The cabinet vote on a 3 percent cut to the acquisitions budgets of all ministries has been postponed to next week, and Knesset Finance Committee members (from both the opposition and coalition) are sabotaging treasury proposals to boost revenues.
The need for these two amendments arose due to two large holes that opened up in the budget - one on the revenues side and the other on the expenditures side. The revenues side hole opened up due to wage agreements with the Histadrut labor federation, under which the treasury waived its intention to cancel exemptions and breaks to the tune of some NIS 1.3 billion. In addition, the Knesset Finance Committee has no intention of approving cancellation of tax credit points for a spouse who doesn't work (NIS 450 million), nor will it approve revocation of Eilat's VAT-free status (another NIS 450 million). The hole on the revenues side, therefore, totals NIS 2.2 billion.

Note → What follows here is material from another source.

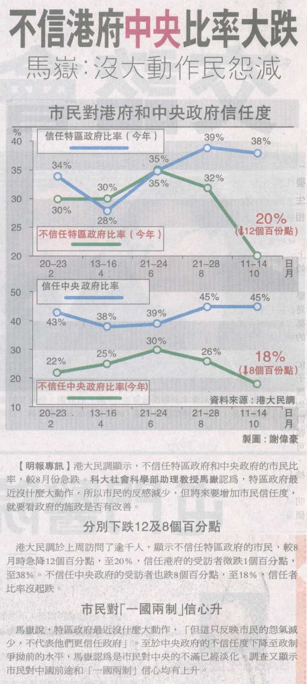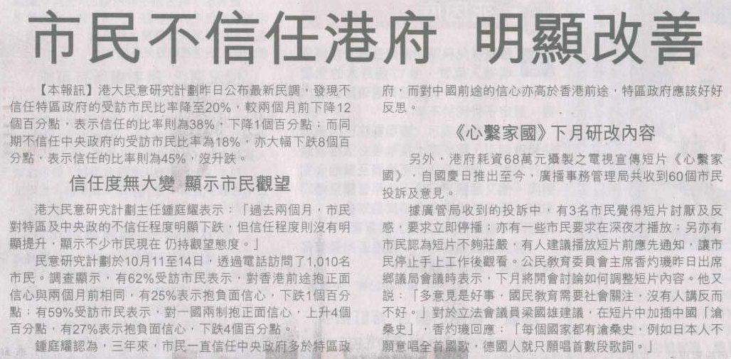 明報即時新聞 - 1510 民調指港人較信任中央政府 (19/10/2004)

To solve part of this problem, the treasury already has imposed an additional tax on cigarettes and diesel (NIS 400 million), which closes the deficit to NIS 1.8 billion. To fill the gap, the treasury plans to impose additional decrees, such as cancelling various tax exemptions and raising taxes on luxury items such as all-terrain vehicles and alcoholic beverages.

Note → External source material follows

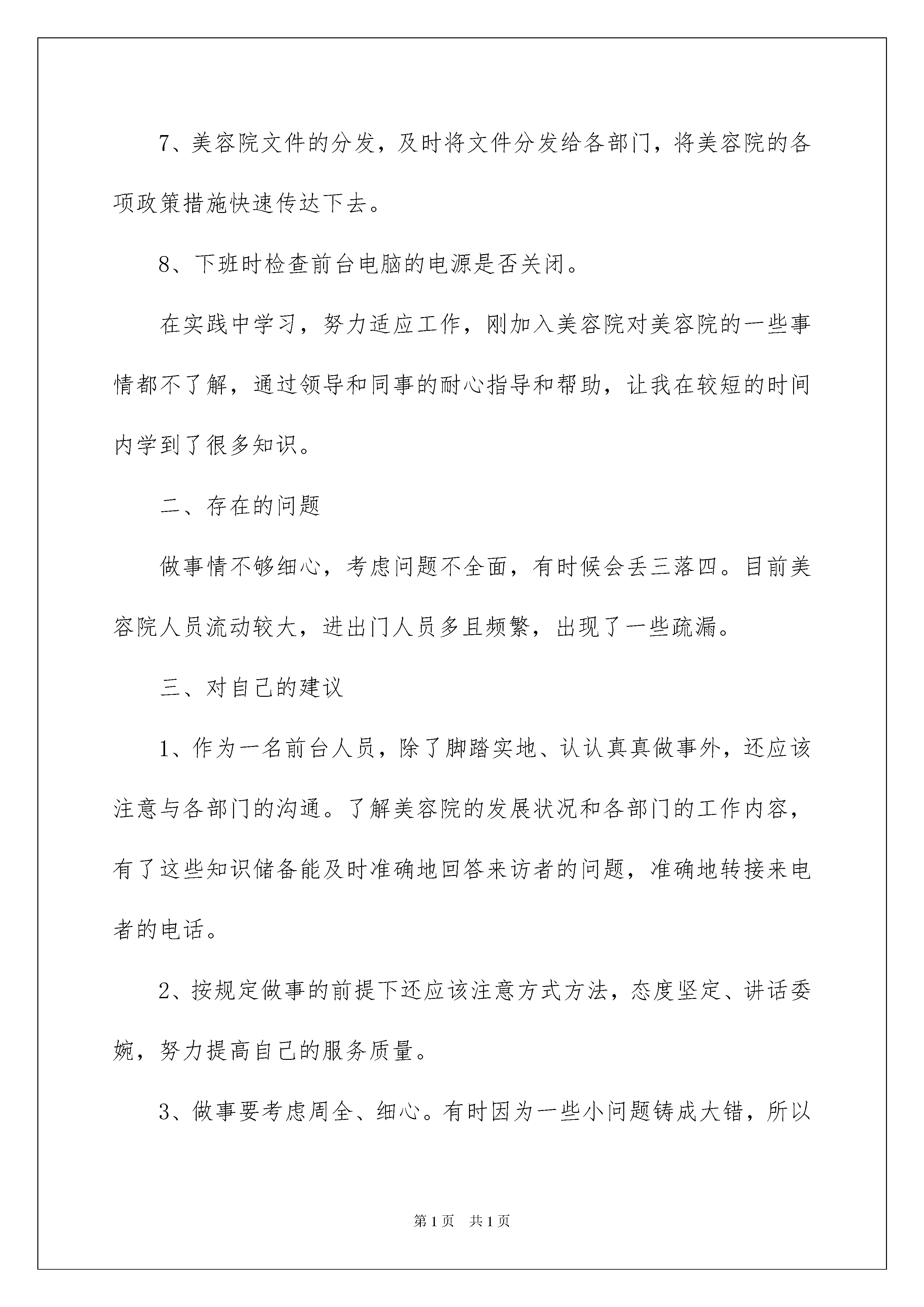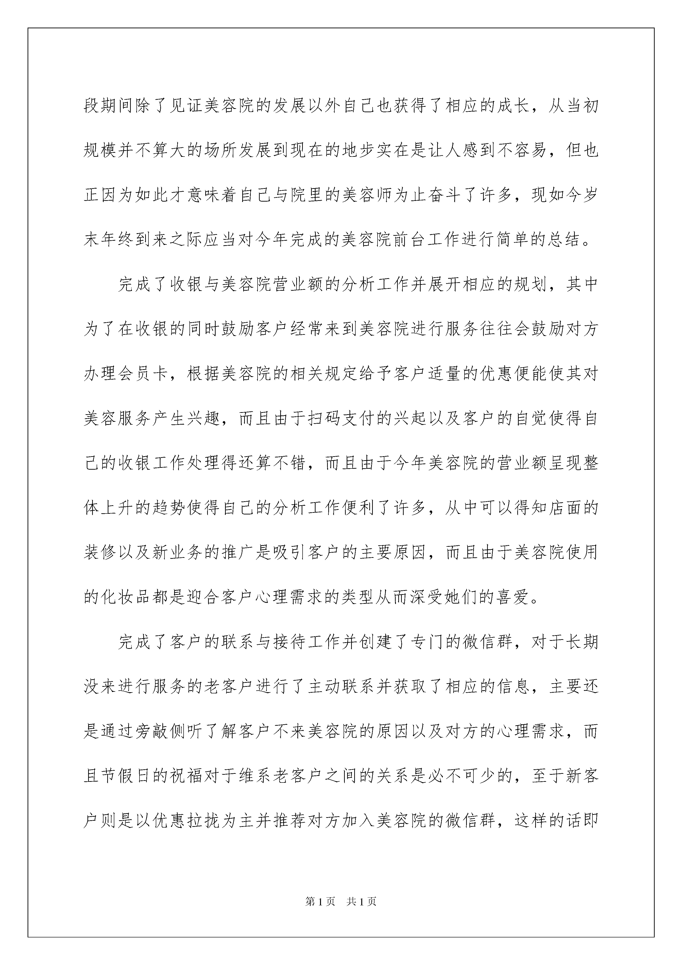 2022美容前台工作总结美容前台工作总结总结是把一定阶段内的有关情况分析研究,做出有指导性结论的书面材料,它可以帮助我们有寻找学习和工作中的规律,让我们来为自己写一份总结吧。那么总结要注意有什么内容呢?下面是我整理的美容前台工作总结,仅供参考,大家一起来看看吧。美容前台工作总结1在这岁末年初之际,回首过去,展望未来!过去的10月份开始,在美容院的指引

The situation on the expenditures side is also problematic. The hole there opened up due to the coalition agreements with Labor (NIS 600 million) and United Torah Judaism (NIS 290 million). In addition, there was the agreement on an additional budget for the chief scientist and a security body (NIS 350 million), while Finance Minister Benjamin Netanyahu plans to meet a number of demands from Likud lawmakers (NIS 160 million), leading to a NIS 1.4 billion total.
Some NIS 600 million remains in the budget reserve, which means the cabinet will be asked to vote on a cut of some NIS 800 million next week.
The right thing to do would be to cut NIS 800 million from the defense budget given the strategic improvement in our security situation: Iraq has ceased to constitute a threat, and the Syrian army is rusty. Furthermore, NIS 800 million is a cut that can be absorbed by the huge defense budget.
To this end, Netanyahu, along with treasury budgets director Kobi Haber, should have proposed four alternatives to the prime minister - local authorities, elderly allowances, Gaza Strip evacuees compensation, and the defense budget. Prime Minister Ariel Sharon's political adviser would explain to him that the local authorities couldn't be touched because the Likud Central Committee would go crazy; the cabinet secretary would say that the elderly couldn't be touched because the public would rebel; and the Prime Minister's Office director general would say that not a single cent could be deducted from the Gaza Strip compensation, because the disengagement was already going to be difficult. And later in the week, Netanyahu would have to "organize" pressure from ministers who would explain to Sharon just how impossible it would be to cut their ministries' budgets. Ehud Olmert would explain why exports couldn't be undermined; Limor Livnat would speak about education; and Benjamin Ben-Eliezer would talk about the importance of infrastructure. In the end, therefore, just one solution would remain - a cut in defense spending.
Instead, Netanyahu and Haber went to Sharon with a proposal that was neither here nor there - a cut of NIS 500 million to the defense budget and an across-the-board 1 percent cut among the other ministries. Sharon saw the term "across-the-board," and his eyes lit up: Here's the solution - forgo the NIS 500 million cut to defense, but increase the "across-the-board" to 3 percent.
Indeed, everyone knows that an across-the-board cut is a bad thing. It is the worst thing from an economic and social perspective. It makes no distinction between priorities; everything is the same. Therefore, the result will be cuts to development and investments, unplanned cuts, cuts that are bad for the economy, growth and employment. But everyone also knows that the ministers are willing to have one of their eyes gouged out provided that their colleagues have one gouged out too.